The purposes of this chapter are: To declare a national policy which will encourage productive and enjoyable harmony between man and his environment; to promote efforts which will prevent or eliminate damage to the environment and biosphere and stimulate the health and welfare of man; to enrich the understanding of the ecological systems and natural resources important to the Nation; and to establish a Council on Environmental Quality.

42 U.S.C. § 4321. To accomplish these ends, Congress imposed extensive procedural requirements on government action affecting the environment. Paramount among these were the requirements that all federal agencies shall, “to the fullest extent possible”:

(A) utilize a systematic, interdisciplinary approach which will insure the integrated use of the natural and social sciences and the environmental design arts in planning and in decisionmaking which may have an impact on man’s environment;
(B) identify and develop methods and procedures ... which will insure that presently unquantified environmental amenities and values may be given appropriate consideration in decisionmak-ing along with economic and technical considerations;
(C)include in every recommendation or report on proposals for legislation and other major Federal actions significantly affecting the quality of the human environment, a detailed statement by the responsible official on—
(i) the environmental impact of the proposed action,
(ii) any adverse environmental effects which cannot be avoided should the proposal be implemented,
(iii) alternatives to the proposed action,
(iv) the relationship between local short-term uses of man’s environment and the maintenance and enhancement of long-term productivity, and
(v) any irreversible and irretrievable commitments of resources which would be involved in the proposed action should it be implemented.

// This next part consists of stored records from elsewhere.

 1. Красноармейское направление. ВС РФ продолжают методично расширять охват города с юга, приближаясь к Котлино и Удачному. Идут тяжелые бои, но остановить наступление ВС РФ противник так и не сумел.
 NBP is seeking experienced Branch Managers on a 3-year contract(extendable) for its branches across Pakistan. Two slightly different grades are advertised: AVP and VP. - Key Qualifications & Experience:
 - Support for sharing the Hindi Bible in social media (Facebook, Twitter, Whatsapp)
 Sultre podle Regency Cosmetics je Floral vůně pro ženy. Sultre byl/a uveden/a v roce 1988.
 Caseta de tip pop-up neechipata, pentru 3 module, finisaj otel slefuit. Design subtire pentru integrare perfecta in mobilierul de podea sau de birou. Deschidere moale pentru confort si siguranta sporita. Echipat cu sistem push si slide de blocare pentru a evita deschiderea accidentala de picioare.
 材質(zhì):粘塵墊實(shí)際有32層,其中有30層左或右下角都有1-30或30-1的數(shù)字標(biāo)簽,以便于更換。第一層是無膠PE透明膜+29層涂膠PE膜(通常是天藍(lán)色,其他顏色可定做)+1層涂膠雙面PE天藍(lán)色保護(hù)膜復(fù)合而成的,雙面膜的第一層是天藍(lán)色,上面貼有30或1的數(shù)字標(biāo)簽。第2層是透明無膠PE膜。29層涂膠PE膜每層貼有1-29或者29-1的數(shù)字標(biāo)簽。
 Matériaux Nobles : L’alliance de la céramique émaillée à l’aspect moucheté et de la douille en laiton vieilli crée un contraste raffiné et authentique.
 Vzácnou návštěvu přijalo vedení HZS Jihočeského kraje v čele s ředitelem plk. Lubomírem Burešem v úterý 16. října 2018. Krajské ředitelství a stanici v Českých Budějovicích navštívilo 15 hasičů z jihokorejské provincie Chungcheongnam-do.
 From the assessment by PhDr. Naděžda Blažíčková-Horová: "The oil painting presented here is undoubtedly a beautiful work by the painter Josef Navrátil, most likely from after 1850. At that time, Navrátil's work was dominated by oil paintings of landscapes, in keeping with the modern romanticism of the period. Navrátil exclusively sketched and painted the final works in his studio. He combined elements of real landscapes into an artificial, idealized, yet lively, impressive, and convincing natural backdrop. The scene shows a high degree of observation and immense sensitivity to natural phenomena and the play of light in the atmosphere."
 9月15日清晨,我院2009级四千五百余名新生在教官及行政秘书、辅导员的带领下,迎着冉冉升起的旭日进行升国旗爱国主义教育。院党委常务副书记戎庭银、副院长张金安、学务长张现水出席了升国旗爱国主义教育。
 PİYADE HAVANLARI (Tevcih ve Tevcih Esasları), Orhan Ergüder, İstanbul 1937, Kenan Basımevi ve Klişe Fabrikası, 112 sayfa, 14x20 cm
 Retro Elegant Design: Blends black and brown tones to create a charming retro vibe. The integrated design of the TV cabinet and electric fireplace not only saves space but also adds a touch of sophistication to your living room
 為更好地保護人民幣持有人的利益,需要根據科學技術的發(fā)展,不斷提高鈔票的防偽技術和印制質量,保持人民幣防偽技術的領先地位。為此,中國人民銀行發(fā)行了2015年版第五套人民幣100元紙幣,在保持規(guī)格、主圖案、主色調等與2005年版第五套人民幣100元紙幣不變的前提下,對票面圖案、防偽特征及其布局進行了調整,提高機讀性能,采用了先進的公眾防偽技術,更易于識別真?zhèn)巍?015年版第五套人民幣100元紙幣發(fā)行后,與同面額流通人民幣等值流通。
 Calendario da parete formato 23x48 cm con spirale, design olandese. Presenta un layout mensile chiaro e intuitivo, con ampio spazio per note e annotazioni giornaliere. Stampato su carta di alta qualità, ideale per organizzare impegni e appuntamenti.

Id. § 4332(2). Congress further directed that, again “to the fullest extent possible,” “the policies, regulations, and public laws of the United States shall be interpreted and administered in accordance with the policies set forth in this chapter.” Id. § 4332(1). This unequivocal command has guided the United States’ environmental policy for more than thirty years, and pervades every aspect of government deci-sionmaking.

B. Clean Air Act

Federal air quality legislation dates back to at least the mid-1950s, and' the CAA itself to 1963, Pub.L. No. 88-206, 77 Stat. 393, but it was the substantial amendment in 1970, Pub.L; No. 91-604, 84 Stat. 1713, that gave the Act its modern, far-reaching scope. The Act was amended again to further broaden its reach in 1977, Pub.L. [1011]*1011No. 95-95, 91 Stat. 749, and in 1990, Pub.L. No. 101-549, 104 Stat. 2399. Before the 1970 Amendments, there existed no federal air pollution standards, nor mandatory enforcement mechanisms; federal officials could only encourage states to develop air-quality enforcement programs. All this was dramatically altered by the 1970 Amendments, which mandated national air quality standards and deadlines for their attainment. Pub.L. No. 91-604, § 4, 84 Stat. at 1678-89. These amendments also created an innovative federal-state partnership structure whereby states were to develop individual “implementation plans” to attain compliance with federal standards, and the newly created Environmental Protection Agency (“EPA”) was charged with evaluating, overseeing, and enforcing state compliance with these plans. Id. The 1970 Amendments specifically addressed for the first time hazardous pollutants and automobile exhausts, bringing these “mobile sources” within the scope of the EPA’s authority. Id. §§ 6-9, 84 Stat. at 1690-700.

The 1977 Amendments added an important procedural safeguard: they forbade the federal government and its agencies from “engag[ing] in, support[ing] in any way or providing] financial assistance for, licensing] or permitting], or approving], any activity which does not conform to [an approved state] implementation plan.” 42 U.S.C.